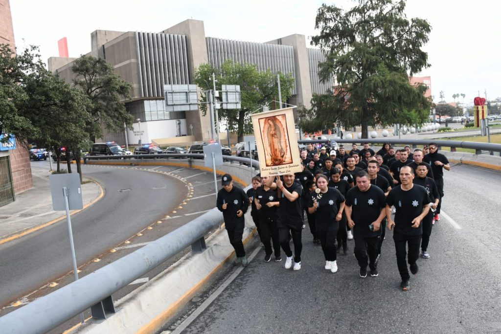 Un grupo de oficiales de la Policía de Monterrey llevan la Rosa de Plata a la Virgen de Guadalupe, al Santuario que se ubica en la Colonia Independencia.
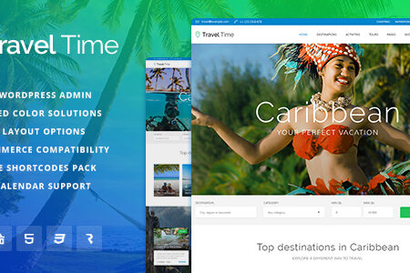 Travel Time is a perfect theme for all sorts of travel websites, like local travel agencies, hotel websites, blogs about traveling, resorts, adventure parks and tour companies. All special travel and tourism niche functionality is included.
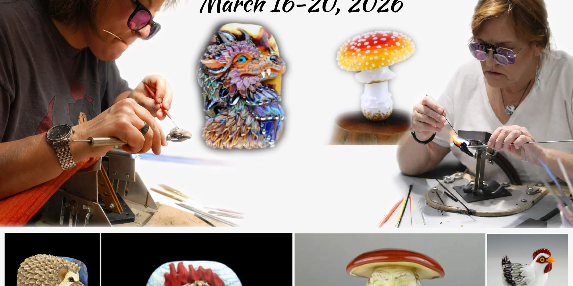 Joy Munshower & Kim Fields ~ March 2026 This workshop will teach you how to make and apply encased cane to create fun textures and effects 5 day flameworking sculpture class (intermediate level) 1 day of cane making 2 days with Joy Munshower 2 days with Kim Fields Techniques include: 3D on-mandrel and bas-relief (low relief) sculpting; complex cane assembly including color mixing and overlays; heat control; cane, stringer, and dot application
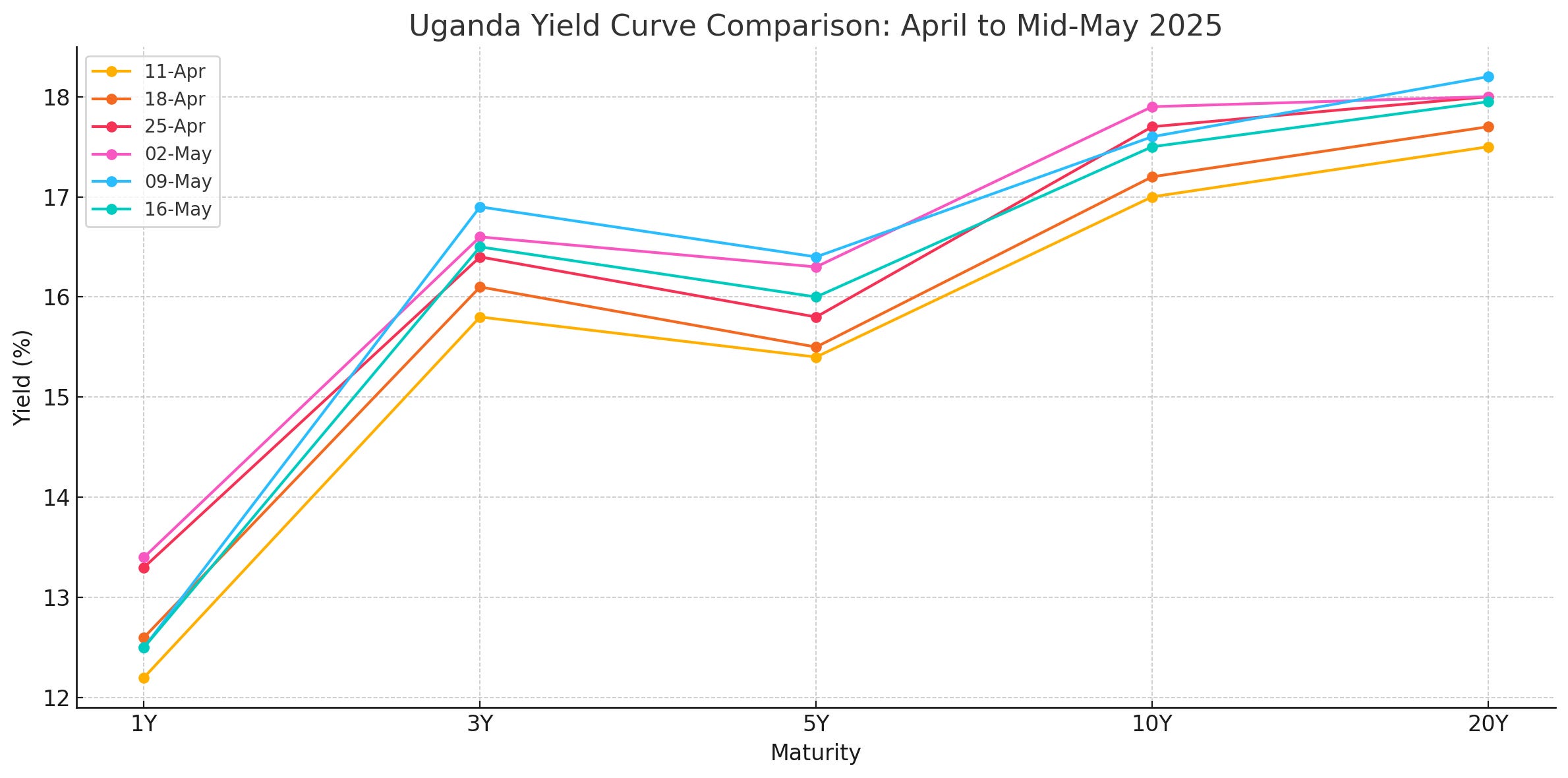 Uganda's yield curve continued to steepen through April but began to stabilize and compress at the long end in mid-May.

____________________

__Task statement__
Please set down each line of the listing above word for word, skipping any pictures.

__Solution to the problem__
 Un grupo de oficiales de la Policía de Monterrey llevan la Rosa de Plata a la Virgen de Guadalupe, al Santuario que se ubica en la Colonia Independencia.
 Travel Time is a perfect theme for all sorts of travel websites, like local travel agencies, hotel websites, blogs about traveling, resorts, adventure parks and tour companies. All special travel and tourism niche functionality is included.
 Joy Munshower & Kim Fields ~ March 2026 This workshop will teach you how to make and apply encased cane to create fun textures and effects 5 day flameworking sculpture class (intermediate level) 1 day of cane making 2 days with Joy Munshower 2 days with Kim Fields Techniques include: 3D on-mandrel and bas-relief (low relief) sculpting; complex cane assembly including color mixing and overlays; heat control; cane, stringer, and dot application
 Uganda's yield curve continued to steepen through April but began to stabilize and compress at the long end in mid-May.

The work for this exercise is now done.